Commandline/Terminal (tumblyCL.py
)
Run the script with your arguments:
python tumblyCL.py -u -n -o
If this is the first time you have used the script, you will be prompted to add your consumer key and consumer secret, it will not work otherwise.
(You do not need to do this if you have already set them by running run.py
).
usage: tumblyCL.py [-h] -u USERNAME -n NUMBER [-o START]
arguments:
-h, --help show this help message and exit
-u USERNAME, --username USERNAME
The username of the tumblr user whose tumblr you wish to scrape.

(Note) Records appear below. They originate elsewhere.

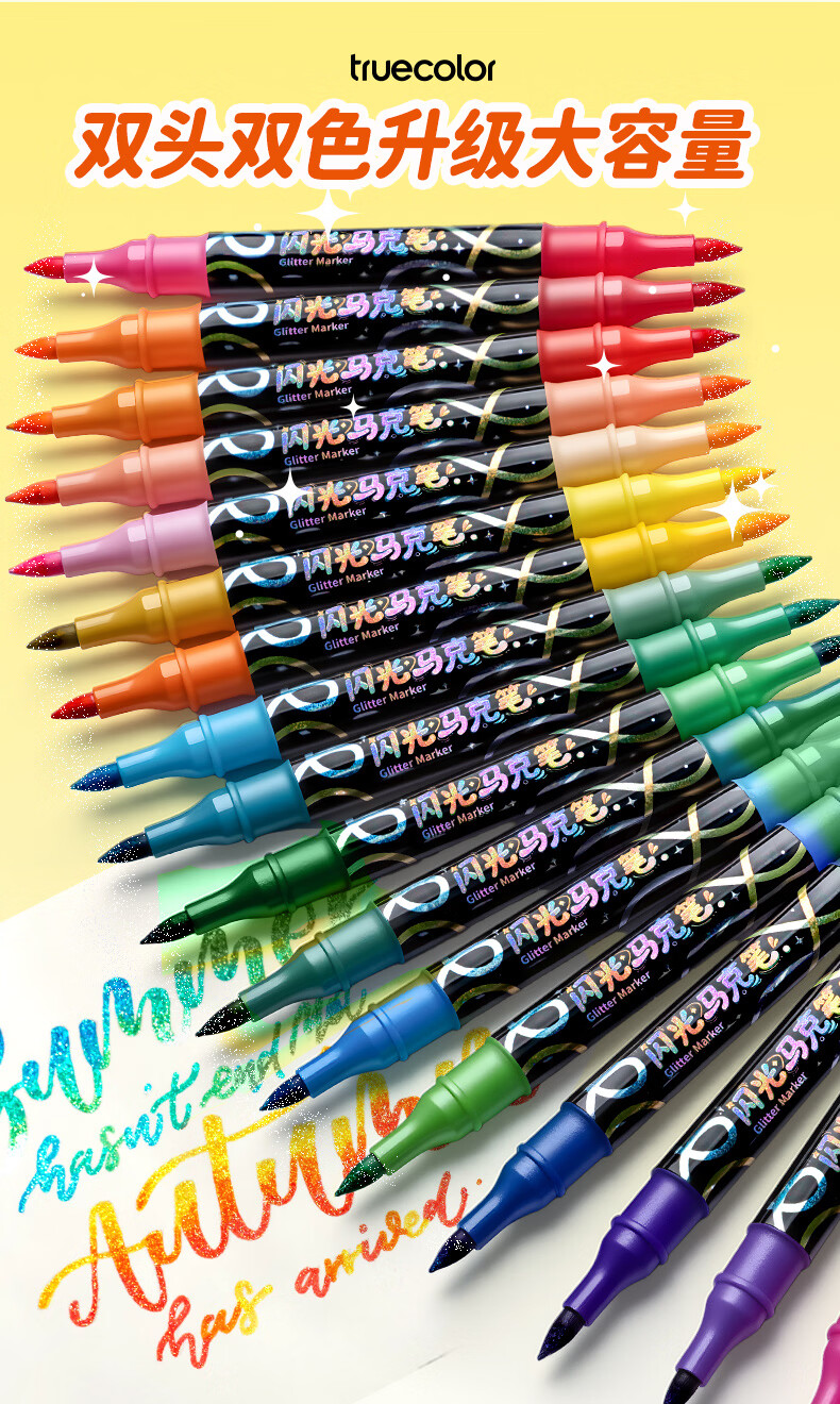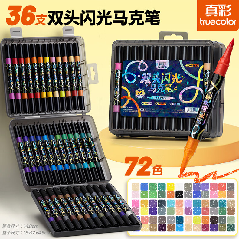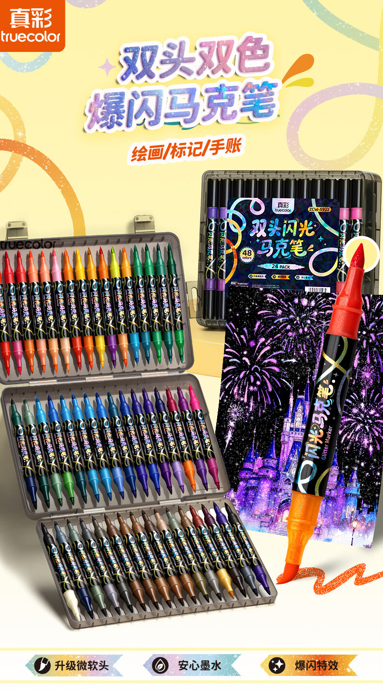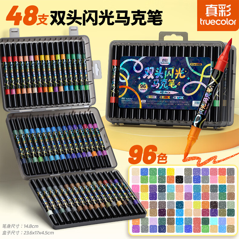 真彩双头双色闪光软头马克笔儿童炫彩色笔荧光笔啫喱笔小学生画画记号笔手账标记闪粉笔水彩流沙笔 96色【双头双色闪光马克笔】升级软头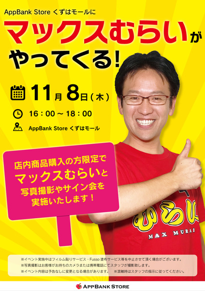 ※イベント中フィルム貼り等は中止させて頂く可能性がございます💦#くずはモール #マックスむらい #AppBank pic.twitter.com/VoxK7BOiF6— AppBank Store くずはモール (@abskuzuha) 2018年10月30日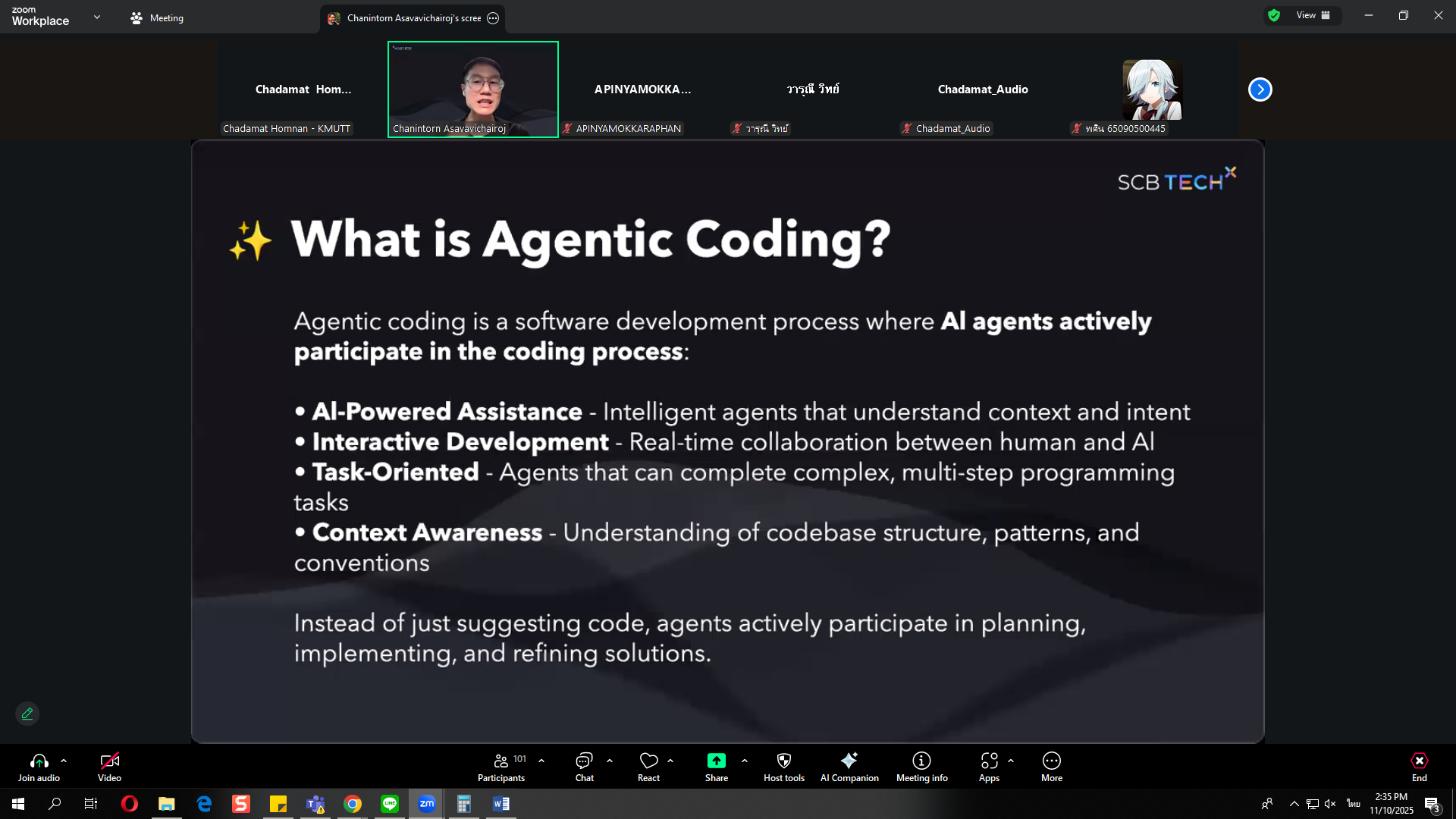 ในการบรรยายครั้งนี้ วิทยากรได้แนะนำภาพรวมของ SCB TechX ซึ่งเป็นองค์กรเทคโนโลยีชั้นนำในเครือธนาคารไทยพาณิชย์ พร้อมให้ความรู้ด้าน Agentic Coding รวมถึงแนวทางการเขียน Prompt เพื่อสร้าง Code ที่สามารถใช้งานได้จริง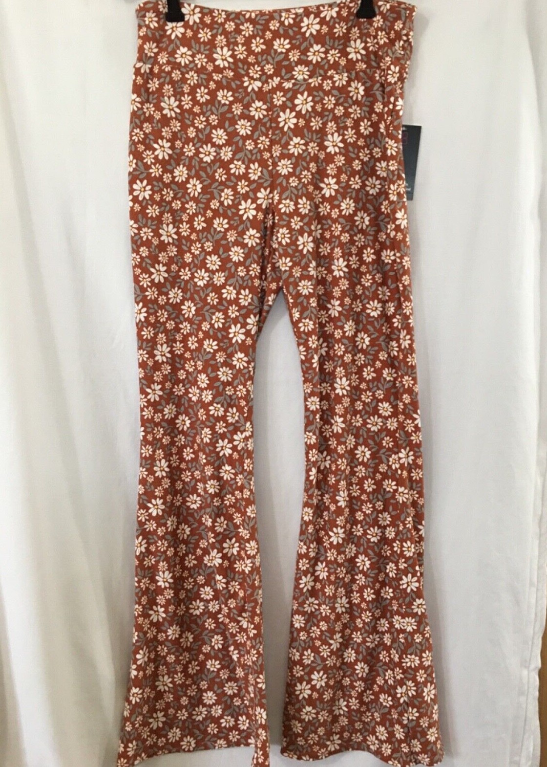 New No Boundaries Brown Floral Knit Flare Pants Juniors Women Small,Large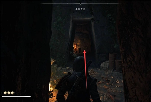 篝火旁边有可以补充道具的地方,记得多带些飞镖,之后继续往前走。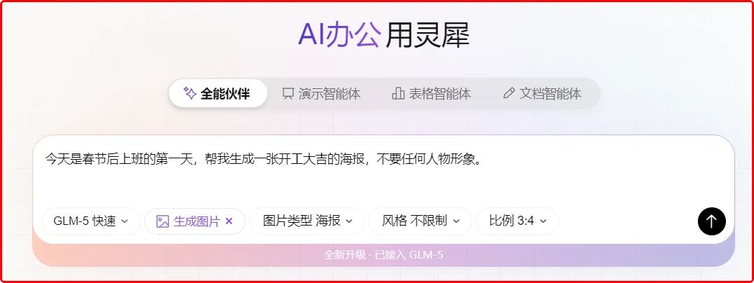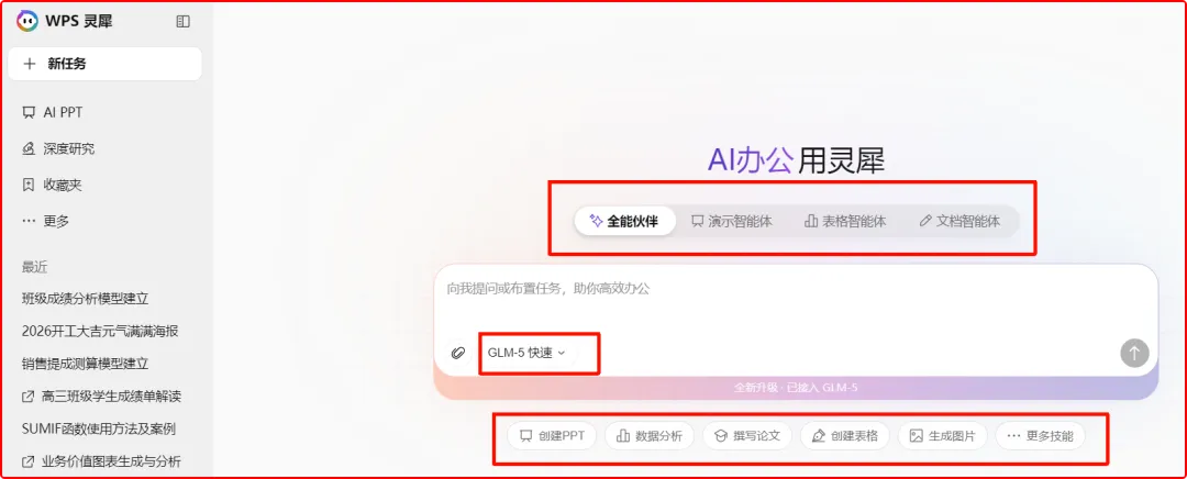 这里首先要说的是WPS灵犀,在春节期间,WPS灵犀迎来了一波更新,成功接入了GLM5大模型。

-n NUMBER, --number NUMBER
The number of images to scrape.
-o START, --start START
Post number to start from (offset).
- Required -u:
The tumblr username e.g. 'twitterthecomic' from 'twitterthecomic.tumblr.com'.
- Required -n:
The number of images to download.
- Optional -o:
Offset (what number post to scrape from), the default is 0.
Example:
python tumblyCL.py -u twitterthecomic -n 10
A databse will be created in the working directory alongside a folder to contain the downloaded images.
Each downloaded image's filename will be the tumblr username and an incremented number.
Currently does not support posts with multiple images and will ignore posts without tags.
- Fork it!
- Checkout the to do list below or any open issues.
- Create your feature branch:
git checkout -b my-new-feature
- Commit your changes:
git commit -am 'Add some feature'
- Push to the branch:
git push origin my-new-feature
- Submit a pull request!